Stay dry and keep your fingers crossed for cooler weather.

Monday, September 19, 2011

Heritage Harvest Festival

Last Saturday, the family and I attended the 5th Annual Heritage Harvest Festival at Thomas Jefferson's Monticello in Charlottesville, Virginia.

Image courtesy of the Heritage Harvest Festival. Jefferson's Monticello is on the top left of the image, and his terraced vegetable garden and orchard is located along the right side of the image.
Jefferson was a pioneer of and ultimate advocate for sustainable agriculture, and this made Monticello the perfect location for this great event. In short, the festival included everything from seed sales and heirloom tomato and watermelon tastings to hands-on workshops, presentations, and tours of Jefferson's amazing home, garden, and orchard. I highly recommend this event for anybody interested in all aspects of agriculture and simpler ways of living.

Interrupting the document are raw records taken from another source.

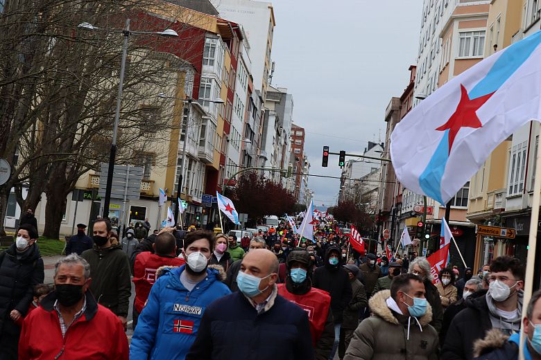 "Estas comarcas necesitan que esta folga sexa un éxito", salientaba o secretario da CIG de Ferrol, Manuel Anxo Grandal, pouco antes de arrancar a manifestación na que participaron milleiros de persoas en demanda de "políticas e investimentos que nos permitan ter futuro". Unha marcha que discorreu por toda a estrada de Castela até a Porta Nova e que recibiu o apoio de traballadores e traballadoras de grandes industriais que tamén están en loita, como Alcoa San Cibrao, Alu Ibérica da Coruña, Ferroatlántica ou Celsa Atlantic, evidenciando deste xeito a grave crise industrial que atravesa Galiza.
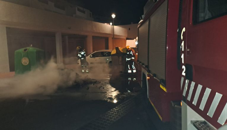 Los bomberos del Consorcio de Seguridad y Emergencias han tenido que extinguir en la madrugada de este miércoles el incendio de un contenedor en la Calle Teide de Puerto del Carmen, en Tías.
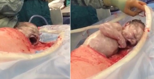 Nas imagens, o bebé é colocado apenas com a cabeça para fora e, com um pouco de dificuldade, tira o braço direito de dentro da barriga para, depois, usar sua própria força para sair. No vídeo é possível ouvir os médicos e enfermeiros encantados com o nascimento.
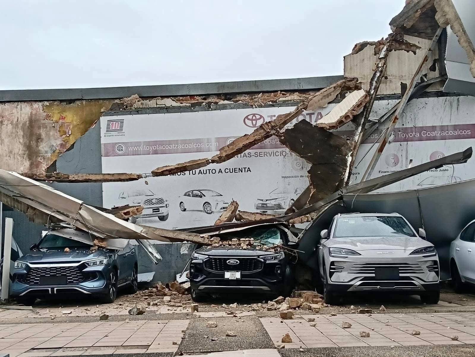 Sobre la carretera Transístmica, a la altura del distribuidor de la “Y”, una barda de la agencia automotriz BYD se vino abajo y aplastó varias unidades en exhibición. En la colonia Puerto México, un espectacular terminó incrustado en una vivienda de la calle Ambrosio Solórzano. Árboles caídos en calles como Román Marín y Nicolás Bravo interrumpieron la vialidad y uno de ellos aplastó parcialmente un automóvil.
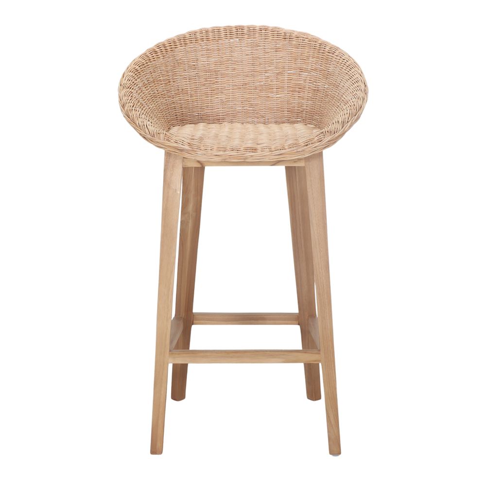 Arden wood and synthetic fiber high stool, Mediterranean style.
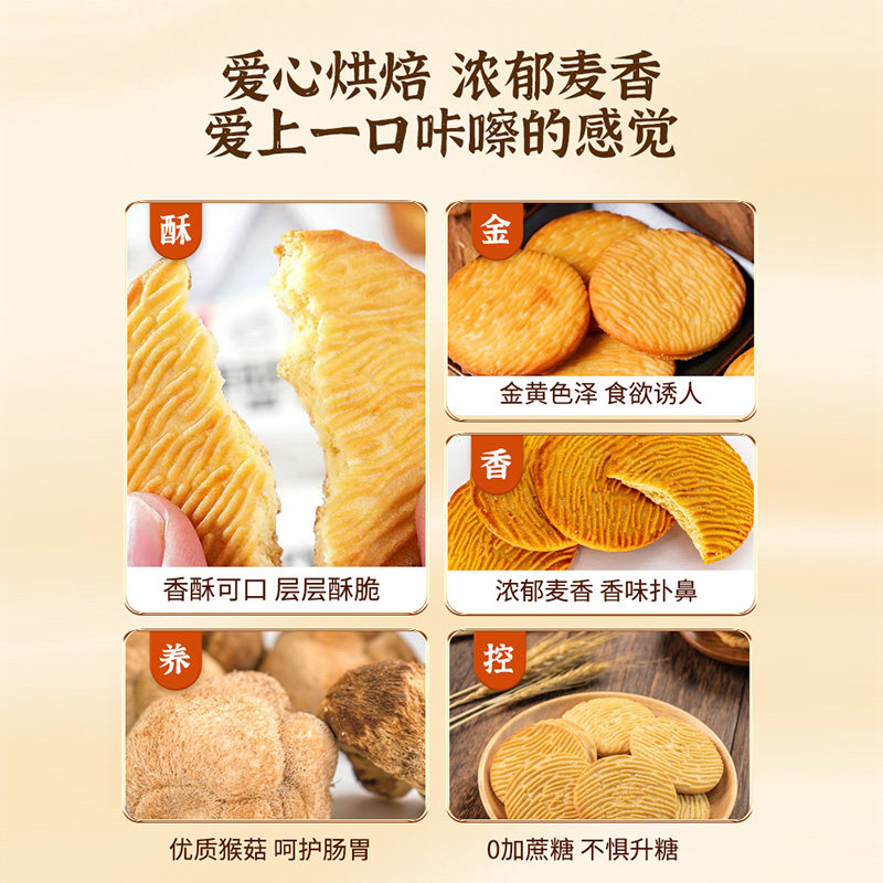 猴头菇猴菇饼干无糖精旗舰店养糖尿人食品零食大全专用糖人胃控糖
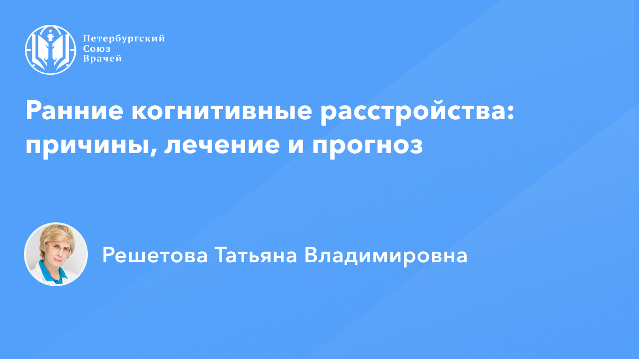 Видеозапись онлайн-семинара «Ранние когнитивные расстройства: причины, лечение и прогноз» Сайт: www.spb.doctor Дата проведения: 06.04.2023, 20:00 Страница мероприятия: https://spb.doctor/i/23031620/ Программа: 1. Ранние когнитивные расстройства: причины, лечение и прогноз. Решетова Татьяна Владимировна 2. Ответы на вопросы О семинаре: В онлайн-семинаре будут подробно рассмотрены пути формирования у пациентов ранних когнитивных расстройств, продемонстрированы клинические особенности их триггеров; рассмотрены вопросы клиники, дифдиагностики и лечения людей, страдающих когнитивными расстройствами при цереброваскулярных, дегенеративных, нарушениях, постковидном синдроме, с фокусом на имеющиеся возможности притормозить их прогрессирование. Будут подробно разобраны вопросы ранней экспресс-диагностики, патогенетической терапии различных видов когнитивных расстройств, представлены когнитивные и соматические признаки нейроковида, Будут освещены различные схемы терапии когнитивной дисфункции в континууме от легкого когнитивного расстройства до легкой деменции - наиболее частых в общей врачебной практике; проанализированы различные возможности психофармакотерапии и психологической коррекции, доступные врачу общей практики.
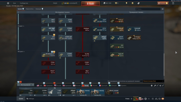 Фулл вкачана советская и китайская ветка танков (Кроме пво)

I could write pages and pages about the importance of everything presented at the event, but I figure most people who read this blog likely agree that a handful of seeds, the sweat of your brow, and dirt on your hands can lead to some pretty amazing things. Instead, here is a photo-journey of Thomas Jefferson's garden.

Southwest view of Jefferson's expansive vegetable garden. He located it on a south slope to maximize the sunlight, growing seasons, and air movement down the slope.
Peach and other fruit trees in Jefferson's orchard (center of image). Corn is visible in the left foreground, blooming rosemary on the right, and I'm not sure what's blooming in the center.
A staggered row of sea kale.
A lush bed of sweet potatoes.
Tree onions, also called top-set or walking onions, are very hardy perennial and multiplying top-setting onions. This means that they form new onion bulblets where most onions form flowers. They don't produce very large bulbs, but they are fun to grow and nearly impossible to kill. If you've never tried growing onions, start with these to boost your confidence.
Two rows of onions in between peppers and squash.
French artichokes and a nifty wooden plant label.  Each row of veggies, herbs, and flowers was clearly identified by these labels, which made it much easier to identify specific varieties of plants.
I had never seen sesame before, other than on my bagels, but Jefferson's garden was loaded with it.  Each one of these pods is filled with sesame seeds. I broke open one of the drier, yellow pods with my fingers and seeds spilled onto the ground. I can't think of any other museum or heritage site where you can touch AND break part of the display or exhibit without being arrested!
This West Indian Gherkin (cucumis anguria) caught my eye. This beast doesn't look safe or edible...probably why it remained untouched.
Faded sign on a weathered fence that surrounds Jefferson's old nursery. 
Mulched pathway that cuts through the nursery. In the background you can see the edge of the vineyard.
In the orchard. Jefferson loved peaches and fought the noble fight that we still know today as "growing peaches organically". He had about as much success as we do today... 
Aerial view of Monticello not taken by me. I don't have a helicopter or a proper photo credit.
If you are interested in specific information about Jefferson's agricultural successes and failures at Monticello, you should read Thomas Jefferson's Garden Book. It's a compilation of his horticultural diaries, letters, and sketches. Probably more info than you ever wanted to know about the principal author of the Declaration of Independence and third President of the United States. For example, you'll read in his own words about his love of sweat peas, his favorite veggie. Random, but true.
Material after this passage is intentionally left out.